In 1988, Massachusetts Governor Michael Dukakis ran for President against Republican nominee George H. W. Bush. On October 13, 1988, the two faced off in a televised event. Dukakis’s answer, to the first question asked, ranked fourth on Time Magazine’s Top Ten Memorable Debate Moments. Moderator Bernard Shaw asked the Governor, “if Kitty Dukakis were raped and murdered, would you favor an irrevocable death penalty for the killer?” Dukakis answered that he would oppose the death penalty, because he does not believe in it.[1] Overnight his polling numbers dropped from 49% to 42%. Dukakis believes this answer cost him the election.[2]

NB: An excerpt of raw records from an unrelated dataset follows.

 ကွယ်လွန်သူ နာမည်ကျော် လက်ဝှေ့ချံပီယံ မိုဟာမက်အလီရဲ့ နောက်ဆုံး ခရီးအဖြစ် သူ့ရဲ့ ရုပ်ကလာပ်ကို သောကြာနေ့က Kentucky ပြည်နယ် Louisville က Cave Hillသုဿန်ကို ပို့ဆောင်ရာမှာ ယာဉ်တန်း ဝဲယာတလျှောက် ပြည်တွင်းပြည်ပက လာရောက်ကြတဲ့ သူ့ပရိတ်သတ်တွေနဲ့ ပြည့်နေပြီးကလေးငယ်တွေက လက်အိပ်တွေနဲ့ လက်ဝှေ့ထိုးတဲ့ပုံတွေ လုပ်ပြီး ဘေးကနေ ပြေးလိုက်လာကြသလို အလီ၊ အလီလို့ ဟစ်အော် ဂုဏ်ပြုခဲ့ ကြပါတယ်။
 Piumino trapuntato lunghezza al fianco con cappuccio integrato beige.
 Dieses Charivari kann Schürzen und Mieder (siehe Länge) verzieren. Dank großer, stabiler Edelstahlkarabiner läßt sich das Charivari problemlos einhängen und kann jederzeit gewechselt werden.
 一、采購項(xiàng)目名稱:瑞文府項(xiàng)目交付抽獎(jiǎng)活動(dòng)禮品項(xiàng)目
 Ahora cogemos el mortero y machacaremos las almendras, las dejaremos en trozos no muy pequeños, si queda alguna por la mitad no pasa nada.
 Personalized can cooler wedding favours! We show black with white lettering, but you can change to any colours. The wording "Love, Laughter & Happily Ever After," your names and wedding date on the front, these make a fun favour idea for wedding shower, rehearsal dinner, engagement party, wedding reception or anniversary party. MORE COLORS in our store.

The problem with Dukakis’s answer isn’t that Americans love the death penalty.[3] The problem is that his answer is disingenuous. When you watch the debate, or you read what he said—you don’t believe it. Because as long as you’re a human being with at least a single person in this world that you care for, then you understand that what he’s saying is a lie. It is not my contention that if Kitty Dukakis were raped and murdered that Michael Dukakis would suddenly change his politics, or his deeply held beliefs. On some level, he would want justice. And whether justice is best served by harsh prison sentences, the death penalty, or programs favoring reformation and education is not the focus of this piece. My argument is that on some deeper level Michael Dukakis would want revenge. He would want to hurt the person who hurt someone he loved. Because he’s only human. And while we may be able to suppress our ignoble instincts, to deny them is to make liars of us all. What Dukakis should have said is this, “Of course, I would want the man who hurt my wife to die. I would want him to hurt because I would be hurting. But this is why we don’t make up our minds about who we are in our weakest moments. I decided a long time ago that the death penalty is wrong. And so I would hope to have the courage of my convictions if I had to face such a horror in my life. But, if I did, I would take comfort in the fact that our system of justice does not force the victim’s families to serve in the jury box.”

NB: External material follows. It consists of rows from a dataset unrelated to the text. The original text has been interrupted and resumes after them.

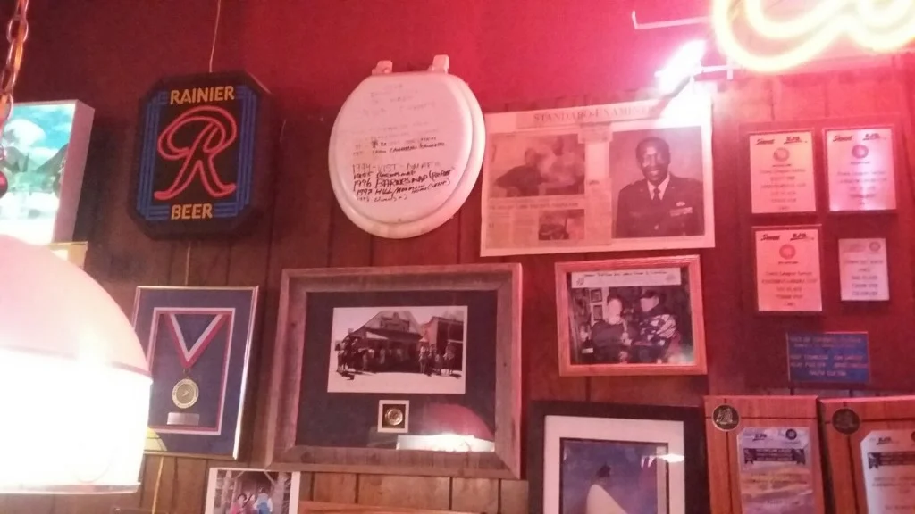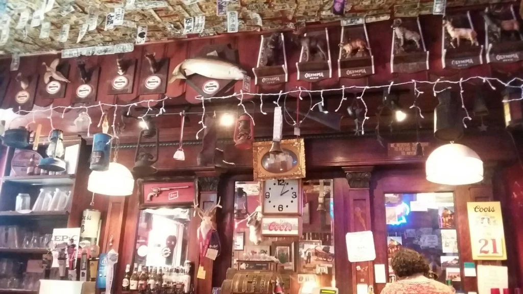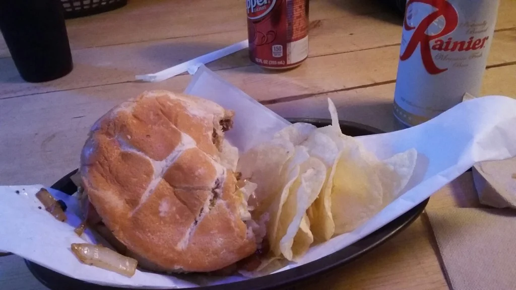 Above the bar is a huge collection of animal plaques from the olden days of Olympia Beer company. When the owner came over to take our order, I said to her, “Now the answer to the question I’m about to ask is ‘YES’….and then I asked her if they had Oly Beer for sale………unfortunately she said no….But then piped up with a cheery…”We do have Rainier….You know…Raineeeerrrrrrrr Beeeeerrrrrrr!!!! (To say that you have to sound like a motor cycle revving up, speeding off and shifting gears) I repeated it with her and then ordered one!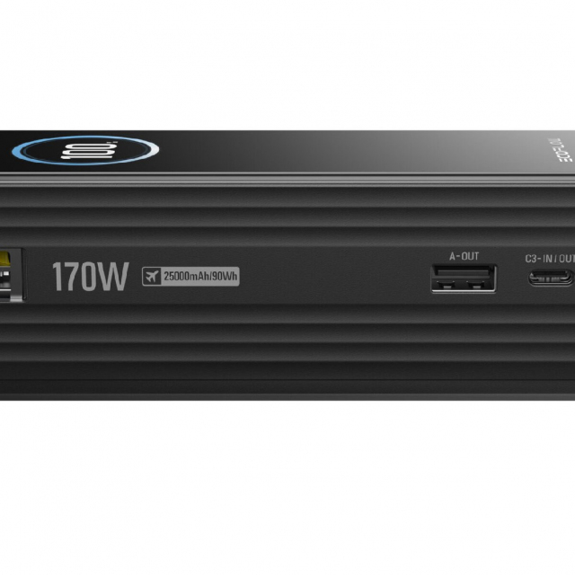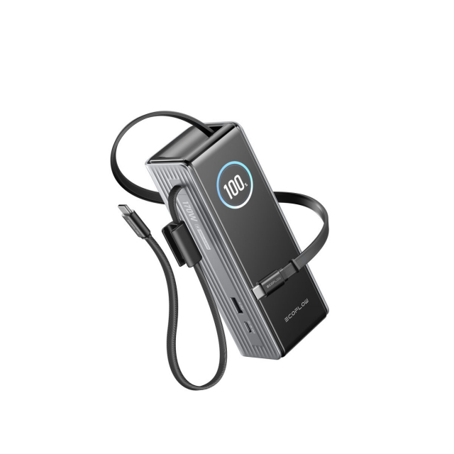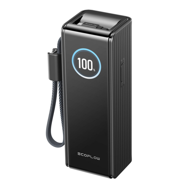 EcoFlow Rapid 25K Power Bank, 25.000mAh (90,00 Wh) Air-travel-friendly, 100W Built-In and Retractable Cables, 100W single port output, 170W total output, 2 Type-C ports: 140W, 1 USB-A port: 33W, TFT Display, 157x54x49mm, 580g, 1 m drop resistant, Black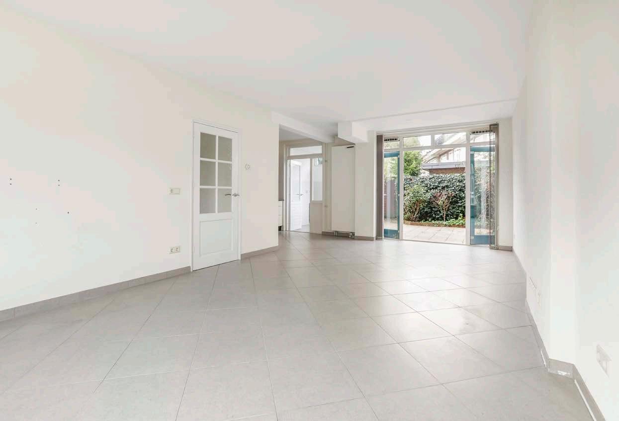Deze royale eengezinswoning gelegen in de Amsterdamse buurt heeft een lichte woonkamer met dubbele deur naar de achtertuin.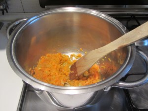 Rosolare il soffritto con olio di oliva extravergine e salare.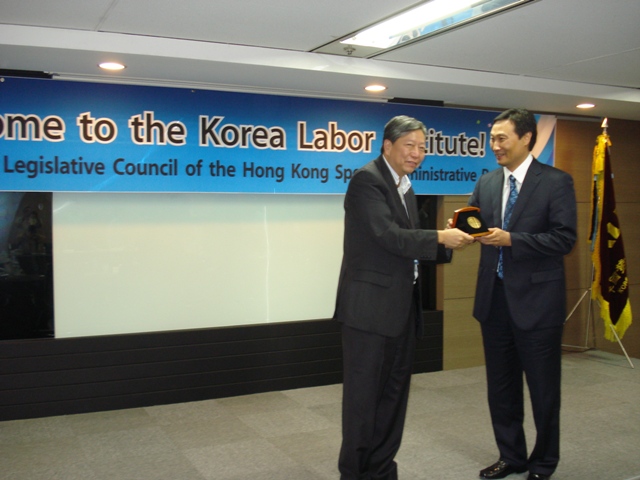 Delegation leader, Hon LEE Cheuk-yan, presented souvenir to Mr KIM Sung-teak, Acting President of Korea Labor Institute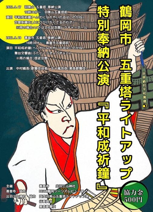 山形県の国宝および無形文化財それぞれの五重塔の前で、鶴岡市出身の歌舞伎役者、中村橋吾氏(成駒屋)が特別演舞を行う。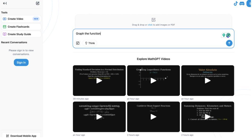 「MathGPT」不仅能解答数学问题,实际还涉猎到了物理、会计和化学等学科。其网页端流量更大的原因可能在于,其还侧重在“学”的功能设计,Web 端体现了大屏的优势。学习功能上,其支持一键生成视频来辅助理解有关概念,从官网展示的用户生成视频来看,用户集中在高中到大学低年级的学习阶段,涵盖了多个数学和物理学的基础主题。类似的功能还有,AI 生成学习指南、AI 生成图解、AI 生成练习测试/闪卡等。

I was a teenager on September 11, 2001. I was at home when my Father called and told me to turn on the television. A plane had hit the World Trade Center.  We thought it was an accident, a navigational malfunction, something. We were talking about it when the second plane crashed. I’m sure you have a story that sounds almost the same. There are moments in our lives that can only be explained through shared history. Insulated in my small-town Utah home, I didn’t know a single person who died that day. But I felt the pain of it as an empathetic echo. We were collectively traumatized. I remember sitting with my family that night and listening to the President’s speech. He said, “Terrorist attacks can shake the foundations of our biggest buildings but they cannot touch the foundation of America.” He promised justice. And maybe, on some level, that’s even what we wanted. But, on some deeper, human level we wanted vengeance. It is my position that we’ve gotten quite a bit of the latter, and not nearly enough of the former. And analyzing our national motives gives the lie to the phrase “enhanced interrogation.” Because water-boarding someone 183 times doesn’t make a lot of sense if you’re trying to get information out of him.  But, water-boarding someone 183 times makes a whole lot of sense if you’re looking to hurt him, and keep hurting him because you feel that he deserves it.

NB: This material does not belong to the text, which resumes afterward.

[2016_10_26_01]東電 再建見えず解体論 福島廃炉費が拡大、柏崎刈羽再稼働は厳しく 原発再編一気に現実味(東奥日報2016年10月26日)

In these remarks, I hope to make it clear that I am not judging anyone. We were angry and afraid—I was not an exception. C.S. Lewis once wrote, “Everyone says forgiveness is a lovely idea, until they have something to forgive, as we had during the war. And then, to mention the subject at all is to be greeted with howls of anger…And half of you already want to ask me, ‘I wonder how you’d feel about forgiving the Gestapo if you were a Pole or a Jew.’”[4] No doubt, some of you would like to ask me what I would’ve done if the fate of a 9/11 conspirator were in my hands.  Some of you would like to ask me if I would support torture if the fate of a beloved family member hung in the balance. To which, I can only respond, of course. Of course, every proper human feeling in me would be ignited were I put in such a terrible situation. And if I were desperate, and afraid, and allowed to make the choice—I might choose wrongly. Which is why we should be wary of decisions that we make when our emotions are heightened and our passions enflamed. It’s why we should make policies about how we treat other human beings when we are calm and rational. So that we cannot be swayed from those choices when our resolve is tested.

There are currently 166 “detainees” locked-up in Guantanamo Bay Prison. We cannot change what may have been done to these men in the past. But our response to the extralegal limbo in which these men have found themselves will define us as a nation. Earlier this month, 60 Minutes ran a segment called “Inside Guantanamo” following the progress of the trial of five 9/11 conspirators.[5] In the National Defense Authorization Act for 2012, Congress included provisions that effectively trapped the detainees at Guantanamo Bay—no Department of Defense funds can be used to transfer the detainees anywhere. None of the detainees may set foot on American soil. Despite the fact that Attorney General Eric Holder believes that federal court would be the best venue for these trials—the detainees will be tried by military commission.

An interesting narrative emerges when the facts are viewed in total. The CIA was able to use “enhanced interrogation” techniques against the detainees because they were not classified as Prisoners of War. Yet the detainees are not being allowed access to the United States court system, and are instead being tried like war criminals rather than civilian actors.  This Orwellian exercise in twisting definitions to get the desired result is not the worst practice exposed by the 60 Minutes segment.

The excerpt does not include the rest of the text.